While the league is known to almost all MBA students, its origins are shrouded in mystery. “There is rumor and legend that there was an NHL player 5-10 years ago that went to Wharton who founded the club,” second-year MBA Tom Austin said.
One unique aspect of the league is that the players often have no experience whatsoever on ice.
According to second-year MBA student and Wildmen social chair Kevin Shiau, 90 to 95 percent of players had never picked up a hockey stick before, and a number of those had never put on skates. Most students end up buying their gear used from graduating students.
Each team plays one game per week, and the players often go to bars together after games.
“You bond on the ice and the bench, but a lot of it is hanging out with your friends afterwards,” first-year MBA Brian Clapp said. “The dues for the first year are $500, and so all of the drinks are paid for by the league.”
Austin spoke enthusiastically about his team’s — the Ugly Puckling’s — time at the bar. “My team has invented an entirely new party game that we do after games called Inflippity cup,” Austin said. “It is now a staple game at a lot of Wharton parties.”
Although it is a student league, Senior Associate Director of MBA Student Life Eric Morin also plays among the students. Morin said he had not wanted to take away the opportunity from an MBA candidate to play, but that the commissioners were “thrilled” when he asked to join.
During the “Fall-Stars” final D-league hockey game, the future business leaders wear costumes over their uniforms ranging from grass hula skirts to bridal veils. Gesturing toward a player in a pink tutu, Morin said that any player “might be the CEO of the top five biggest companies in a few years.” For now, however, playing on the team can simply be a fun and unique graduate school experience.
“We push the idea with the MBAs that you have two years to have these new experiences,” Morin said. “I think the league is so popular because it is the type of thing that people would never ever have the opportunity to do. You can really be a complete failure and have the greatest time in the world.”
Shiau echoed that the experience of being part of the league complements the MBA program.
“The whole goal of business school is to be a risk-free environment where students can step outside of what they’ve been good at,” he said. “The vast majority of students come to Wharton having done the same things their whole lives. [The league] is all about just putting yourself out there, about keeping yourself thinking about other opportunities you would have never considered before. You could be good, other people might not be better, so why not try it.”

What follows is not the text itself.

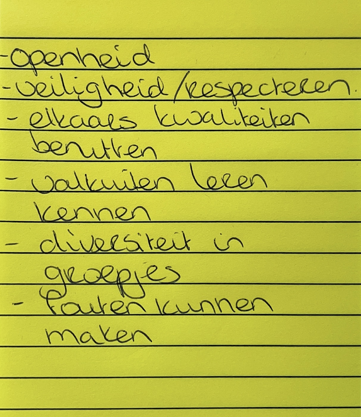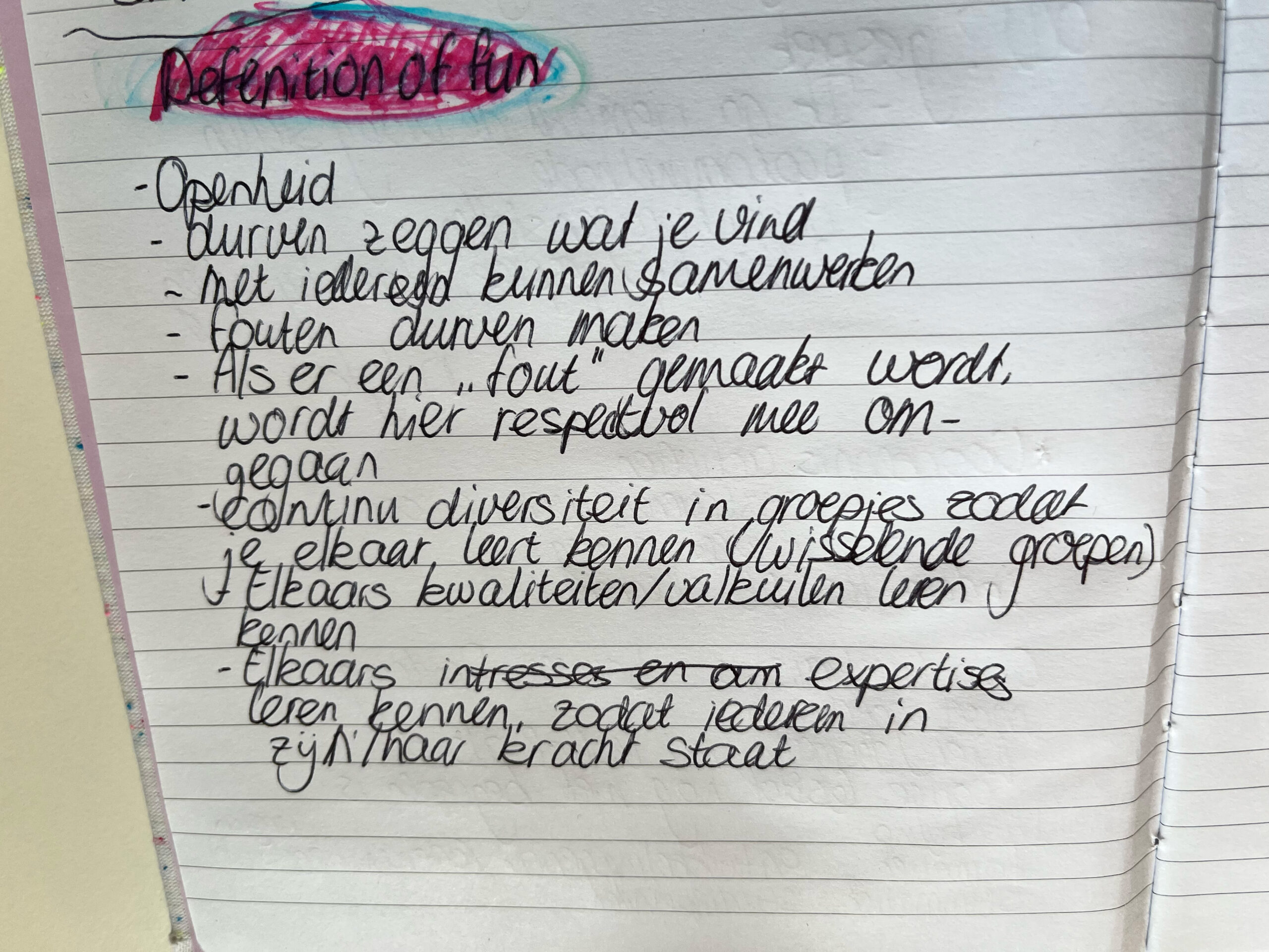 “Definition of fun” = gezamenlijke normen, waarden en afspraken om een veilige, inclusieve leeromgeving te creëren – geen keiharde regels, maar gewenste omgangsvormen.

But even while the MBA students might battle it out in Huntsman Hall, Light noted that the hockey league puts them on a level playing field.
“Given that people have such little experience, people don’t take it too seriously,” Light said. “It’s kind of this great leveler.”
Austin also mentioned that, like many other MBA students who are in their late twenties and early thirties, age was a factor in his decision to join the league.
“It’s my last chance at glory and athletic competition,” he said.